[Exercise instructions] With pictures left out, set down every record word for word.

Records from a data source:
%%

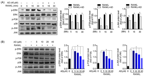 30]. The data revealed that RANKL-induced cells were able to form TRAP-positive osteoclast and that this process was inhibited by AD at this indicated experimental concentration. Osteoclast differentiation is regulated by various upstream signaling of MAPK, including JNK, ERK, and p38 [
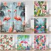 Zestaw zasłony prysznicowej Flaming Różowy Ptak Liście Tropikalne Dżungla Deszczowa Wystrój Łazienki Wiosna Lato Mata Łazienkowa Pokrywa Deski Sedesowej
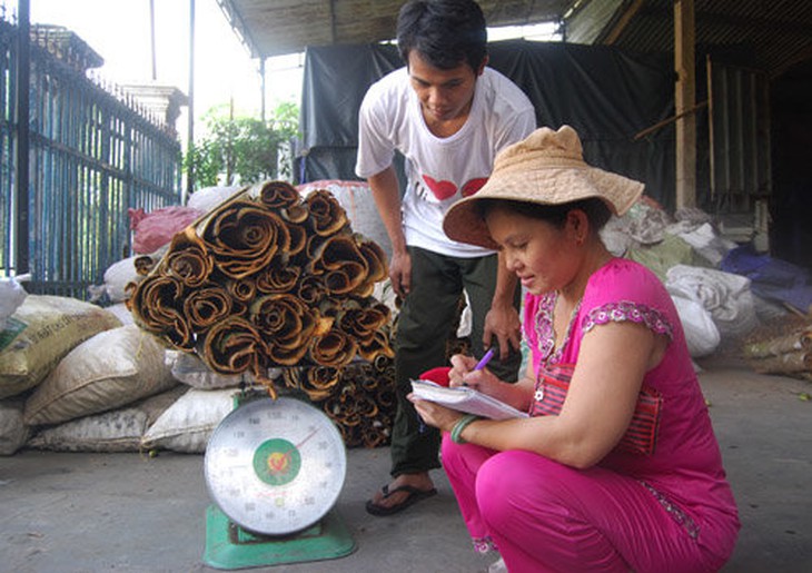 TTCT - Không như cư dân những vùng quế khác đã sao nhãng trồng quế khi vỏ loại cây dược liệu và hương liệu này bị tụt giá mạnh, người Cor ở Trà Bồng, Quảng Ngãi lúc nào cũng trồng quế. Thậm chí chưa lúc nào họ trồng quế nhiều như vài ba năm trở lại đây. Phóng to Phơi quế Trà Bồng loại miếng lớn và dày được căng trên khuôn để làm hàng thủ công mỹ nghệ - Ảnh: H.V.M. Từ thị trấn Trà Xuân (huyện Trà Bồng) đi theo đường liên tỉnh Trà Bồng - Trà My chừng hơn cây số đã ngửi được mùi vỏ quế từ những vựa buôn quế bên đường phả ra thơm lừng. Không còn cảnh gùi cõng, thồ chở quế bằng xe đạp, người Cor trong vùng nay đều dùng xe máy chở quế đến vựa bán. Nhiều người buôn quế đã thuê xe tải đưa quế mua được từ những thôn làng xa khuất đến bán lại tại vựa. Bên “chợ quế” khá nhộn nhịp này là những trại ươm với hàng triệu cây quế con đến tuổi nhổ trồng. Trồng nhiều để cải thiện cuộc sống Mưa lâm râm, vậy mà đến giữa trưa ông Hồ Văn Sâm mới từ rẫy xa về nhà vì “phải ráng dọn xong đất để mấy hôm nữa đưa cây quế xuống”. Ngồi bên bộ bàn tươm tất trong ngôi nhà xây khang trang cạnh chân núi, người nông dân 54 tuổi này không giấu được niềm phấn chấn khi nói về việc trồng quế: “Năm nay tui dọn đất trồng 5.000 cây, bù cho năm ngoái chỉ trồng có 2.000 cây. Tui còn phải giúp đứa con trai mới ra riêng trồng 3.000 cây nữa. Không riêng gì ở xã Trà Thủy mình, khắp Trà Bồng mấy năm nay ai cũng trồng quế nhiều”. Sau khi đã bán hơn 2 tấn quế để có tiền thêm vào làm ngôi nhà mới hồi năm 2009, rồi các năm 2010, 2011 mỗi năm bán gần cả tấn quế, rẫy quế của ông Sâm đến nay vẫn còn khoảng 10.000 cây, trong đó phân nửa số cây đã có thể khai thác. “Tiền người Cor cất trong cây quế” - ông Sâm ví von. Cũng như hầu hết người Cor ở Trà Bồng, mỗi khi cần tiền trang trải cuộc sống là ông Sâm lại lột quế mang đến vựa bán. Phóng to Anh Hồ Văn Nam bán quế tươi cho chủ vựa quế ở xã Trà Sơn (huyện Trà Bồng) - Ảnh: H.V.M. Không nản lòng khi thấy giá quế xuống thấp, người Cor ở Trà Bồng luôn bền lòng với việc trồng quế. Ông Hồ Viết Mật, 59 tuổi, cho rằng dù giá quế lâu nay “nhích xuống chứ không nhích lên”, chừng năm năm nay người Trà Bồng trồng quế nhiều hơn thời trước. “Rẫy quế của tui còn khoảng 30.000 cây lớn có nhỏ có. Năm nay tui sắp trồng thêm 10.000 cây. Giá quế rẻ thì mình phải trồng thêm nhiều để có nhiều quế mà bán đặng có nhiều tiền” - ông Mật nói. “Lập luận” của ông Mật, một trong số ít người xây được ngôi nhà ngói lớn ở vùng cao Trà Bồng hồi đầu thập niên 1990, cũng là suy tính của cư dân đất quế Trà Bồng. Đáng nói là lớp trẻ ở đây đều hăm hở với việc trồng quế. Anh Hồ Văn Chung, cư dân xã Trà Thủy, đã dọn xong rẫy để chừng vài tuần nữa là xuống đất thêm 9.000 cây quế. Chàng trai 37 tuổi mới vừa tân gia ngôi nhà xây với khoảng 400 triệu đồng hồ hởi: “Ông cha mình dựa vô cây quế để sống, đến đời mình phải dựa vô cây quế để khá lên. Tui còn trên rẫy khoảng 15.000 cây quế 2-10 tuổi, lúc nào cần tiền là có thể lột bán lần”. Theo ông Hồ Văn Thái - 60 tuổi, một trong những người trồng nhiều quế ở xã Trà Hiệp, người Cor thường trồng quế dày để trừ cỏ lúc đầu, sau đó tỉa dần, đến khi cây quế chừng 7-8 tuổi lại tiếp tục tỉa, những cây còn lại sau đó sẽ nhanh lớn hơn, cho sản lượng cao hơn. Cây khoảng sáu năm tuổi thu hoạch trung bình 5-10kg quế tươi, 10 tuổi được 15-20kg, trên 20 tuổi có thể từ 25-30kg. Chỉ từ 20 năm tuổi, cây quế mới cho hạt giống ổn định hằng năm. Phóng to Ông Hồ Viết Mật (thôn 3, xã Trà Thủy) lột vỏ những cây quế sáu năm tuổi ở rẫy quế của mình - Ảnh: H.V.M. Thêm niềm tin từ thương hiệu “Cùng với nỗ lực của bà con, những năm gần đây huyện đã hỗ trợ mỗi năm 2-3 triệu cây quế giống cho hộ nghèo từ các nguồn kinh phí có được, nhờ vậy lượng quế trồng ở Trà Bồng đã tăng lên khả quan. Huyện đang tính đến kế hoạch đầu tư lâu dài cho cây quế như tìm cách giúp hộ cận nghèo vay vốn trồng quế, bảo vệ chủng quế Trà Bồng, hạn chế thu hoạch quế non để tăng chất lượng quế cũng như có nguồn hoa quế dồi dào nhằm thu được sản phẩm mật ong” - ông Hồ Văn Thế, chủ tịch UBND huyện Trà Bồng, nói.Lượng quế trồng của cư dân Trà Bồng tăng mạnh mấy năm nay ngoài nỗ lực của cư dân còn có phần hỗ trợ của Nhà nước. Ông Võ Sĩ Phi, chuyên viên Phòng Nông nghiệp và phát triển nông thôn huyện Trà Bồng, cho biết: “Nhờ lồng ghép hỗ trợ từ các chương trình 135, 30A, mấy năm nay huyện đã cấp cây quế giống cho các hộ nghèo trồng, hộ ít nhất cũng nhận được 2.000 cây/vụ trồng (năm). Sự hỗ trợ không chỉ giúp người nghèo mà còn tạo khí thế cho việc trồng quế tại địa phương. Ngoài tr
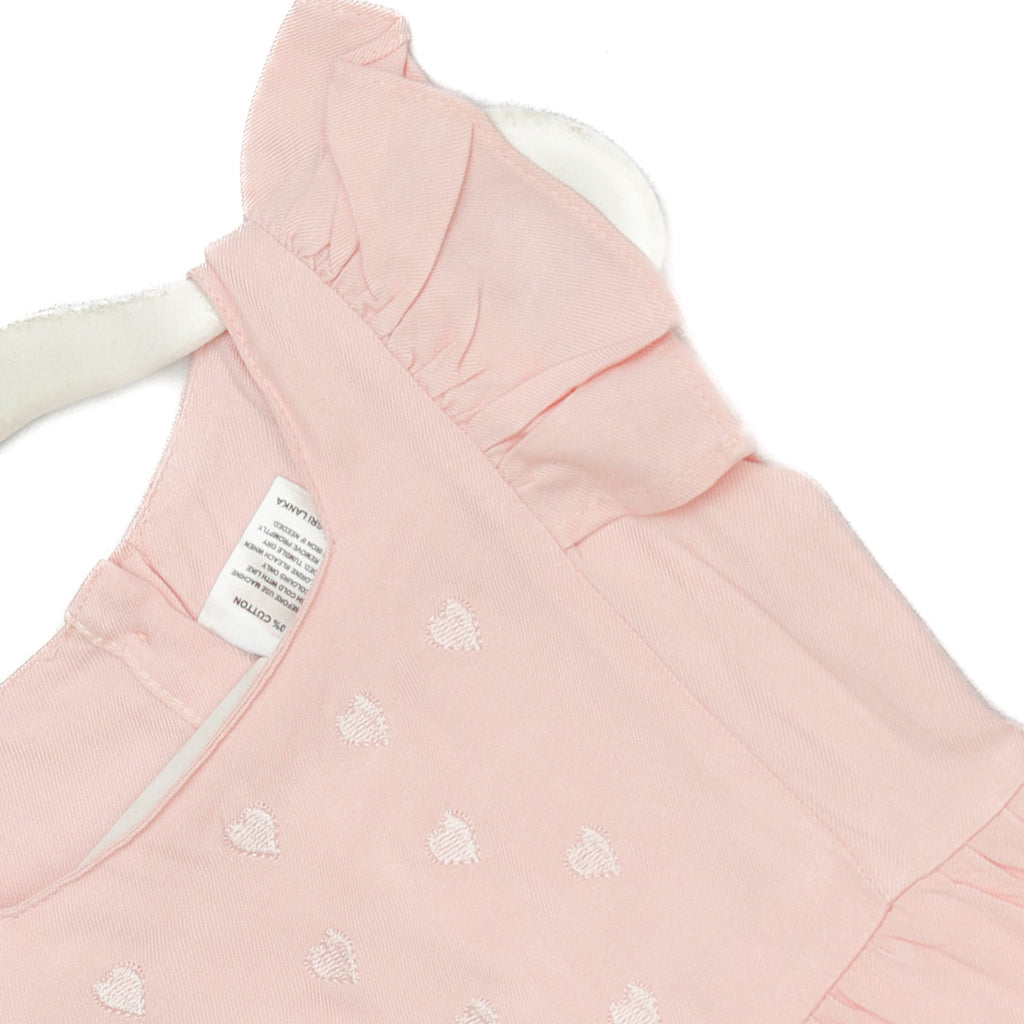 This dress features delicate heart embroidery, adding a touch of elegance to your little one's outfit.
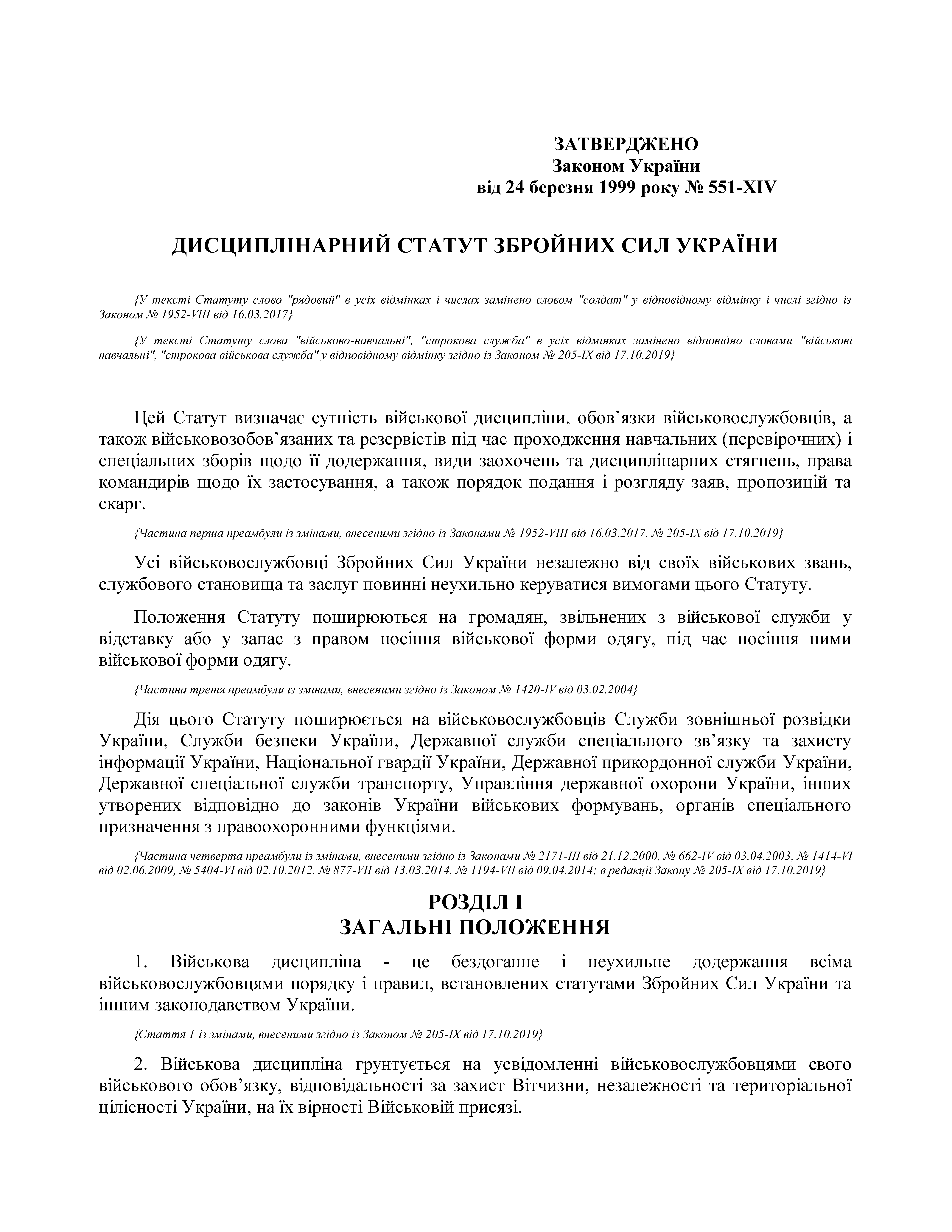 Дисциплінарний статут ЗСУ (Збройних Сил України).

%%

[Response area]
 30]. The data revealed that RANKL-induced cells were able to form TRAP-positive osteoclast and that this process was inhibited by AD at this indicated experimental concentration. Osteoclast differentiation is regulated by various upstream signaling of MAPK, including JNK, ERK, and p38 [
 Zestaw zasłony prysznicowej Flaming Różowy Ptak Liście Tropikalne Dżungla Deszczowa Wystrój Łazienki Wiosna Lato Mata Łazienkowa Pokrywa Deski Sedesowej
 TTCT - Không như cư dân những vùng quế khác đã sao nhãng trồng quế khi vỏ loại cây dược liệu và hương liệu này bị tụt giá mạnh, người Cor ở Trà Bồng, Quảng Ngãi lúc nào cũng trồng quế. Thậm chí chưa lúc nào họ trồng quế nhiều như vài ba năm trở lại đây. Phóng to Phơi quế Trà Bồng loại miếng lớn và dày được căng trên khuôn để làm hàng thủ công mỹ nghệ - Ảnh: H.V.M. Từ thị trấn Trà Xuân (huyện Trà Bồng) đi theo đường liên tỉnh Trà Bồng - Trà My chừng hơn cây số đã ngửi được mùi vỏ quế từ những vựa buôn quế bên đường phả ra thơm lừng. Không còn cảnh gùi cõng, thồ chở quế bằng xe đạp, người Cor trong vùng nay đều dùng xe máy chở quế đến vựa bán. Nhiều người buôn quế đã thuê xe tải đưa quế mua được từ những thôn làng xa khuất đến bán lại tại vựa. Bên “chợ quế” khá nhộn nhịp này là những trại ươm với hàng triệu cây quế con đến tuổi nhổ trồng. Trồng nhiều để cải thiện cuộc sống Mưa lâm râm, vậy mà đến giữa trưa ông Hồ Văn Sâm mới từ rẫy xa về nhà vì “phải ráng dọn xong đất để mấy hôm nữa đưa cây quế xuống”. Ngồi bên bộ bàn tươm tất trong ngôi nhà xây khang trang cạnh chân núi, người nông dân 54 tuổi này không giấu được niềm phấn chấn khi nói về việc trồng quế: “Năm nay tui dọn đất trồng 5.000 cây, bù cho năm ngoái chỉ trồng có 2.000 cây. Tui còn phải giúp đứa con trai mới ra riêng trồng 3.000 cây nữa. Không riêng gì ở xã Trà Thủy mình, khắp Trà Bồng mấy năm nay ai cũng trồng quế nhiều”. Sau khi đã bán hơn 2 tấn quế để có tiền thêm vào làm ngôi nhà mới hồi năm 2009, rồi các năm 2010, 2011 mỗi năm bán gần cả tấn quế, rẫy quế của ông Sâm đến nay vẫn còn khoảng 10.000 cây, trong đó phân nửa số cây đã có thể khai thác. “Tiền người Cor cất trong cây quế” - ông Sâm ví von. Cũng như hầu hết người Cor ở Trà Bồng, mỗi khi cần tiền trang trải cuộc sống là ông Sâm lại lột quế mang đến vựa bán. Phóng to Anh Hồ Văn Nam bán quế tươi cho chủ vựa quế ở xã Trà Sơn (huyện Trà Bồng) - Ảnh: H.V.M. Không nản lòng khi thấy giá quế xuống thấp, người Cor ở Trà Bồng luôn bền lòng với việc trồng quế. Ông Hồ Viết Mật, 59 tuổi, cho rằng dù giá quế lâu nay “nhích xuống chứ không nhích lên”, chừng năm năm nay người Trà Bồng trồng quế nhiều hơn thời trước. “Rẫy quế của tui còn khoảng 30.000 cây lớn có nhỏ có. Năm nay tui sắp trồng thêm 10.000 cây. Giá quế rẻ thì mình phải trồng thêm nhiều để có nhiều quế mà bán đặng có nhiều tiền” - ông Mật nói. “Lập luận” của ông Mật, một trong số ít người xây được ngôi nhà ngói lớn ở vùng cao Trà Bồng hồi đầu thập niên 1990, cũng là suy tính của cư dân đất quế Trà Bồng. Đáng nói là lớp trẻ ở đây đều hăm hở với việc trồng quế. Anh Hồ Văn Chung, cư dân xã Trà Thủy, đã dọn xong rẫy để chừng vài tuần nữa là xuống đất thêm 9.000 cây quế. Chàng trai 37 tuổi mới vừa tân gia ngôi nhà xây với khoảng 400 triệu đồng hồ hởi: “Ông cha mình dựa vô cây quế để sống, đến đời mình phải dựa vô cây quế để khá lên. Tui còn trên rẫy khoảng 15.000 cây quế 2-10 tuổi, lúc nào cần tiền là có thể lột bán lần”. Theo ông Hồ Văn Thái - 60 tuổi, một trong những người trồng nhiều quế ở xã Trà Hiệp, người Cor thường trồng quế dày để trừ cỏ lúc đầu, sau đó tỉa dần, đến khi cây quế chừng 7-8 tuổi lại tiếp tục tỉa, những cây còn lại sau đó sẽ nhanh lớn hơn, cho sản lượng cao hơn. Cây khoảng sáu năm tuổi thu hoạch trung bình 5-10kg quế tươi, 10 tuổi được 15-20kg, trên 20 tuổi có thể từ 25-30kg. Chỉ từ 20 năm tuổi, cây quế mới cho hạt giống ổn định hằng năm. Phóng to Ông Hồ Viết Mật (thôn 3, xã Trà Thủy) lột vỏ những cây quế sáu năm tuổi ở rẫy quế của mình - Ảnh: H.V.M. Thêm niềm tin từ thương hiệu “Cùng với nỗ lực của bà con, những năm gần đây huyện đã hỗ trợ mỗi năm 2-3 triệu cây quế giống cho hộ nghèo từ các nguồn kinh phí có được, nhờ vậy lượng quế trồng ở Trà Bồng đã tăng lên khả quan. Huyện đang tính đến kế hoạch đầu tư lâu dài cho cây quế như tìm cách giúp hộ cận nghèo vay vốn trồng quế, bảo vệ chủng quế Trà Bồng, hạn chế thu hoạch quế non để tăng chất lượng quế cũng như có nguồn hoa quế dồi dào nhằm thu được sản phẩm mật ong” - ông Hồ Văn Thế, chủ tịch UBND huyện Trà Bồng, nói.Lượng quế trồng của cư dân Trà Bồng tăng mạnh mấy năm nay ngoài nỗ lực của cư dân còn có phần hỗ trợ của Nhà nước. Ông Võ Sĩ Phi, chuyên viên Phòng Nông nghiệp và phát triển nông thôn huyện Trà Bồng, cho biết: “Nhờ lồng ghép hỗ trợ từ các chương trình 135, 30A, mấy năm nay huyện đã cấp cây quế giống cho các hộ nghèo trồng, hộ ít nhất cũng nhận được 2.000 cây/vụ trồng (năm). Sự hỗ trợ không chỉ giúp người nghèo mà còn tạo khí thế cho việc trồng quế tại địa phương. Ngoài tr
 This dress features delicate heart embroidery, adding a touch of elegance to your little one's outfit.
 Дисциплінарний статут ЗСУ (Збройних Сил України).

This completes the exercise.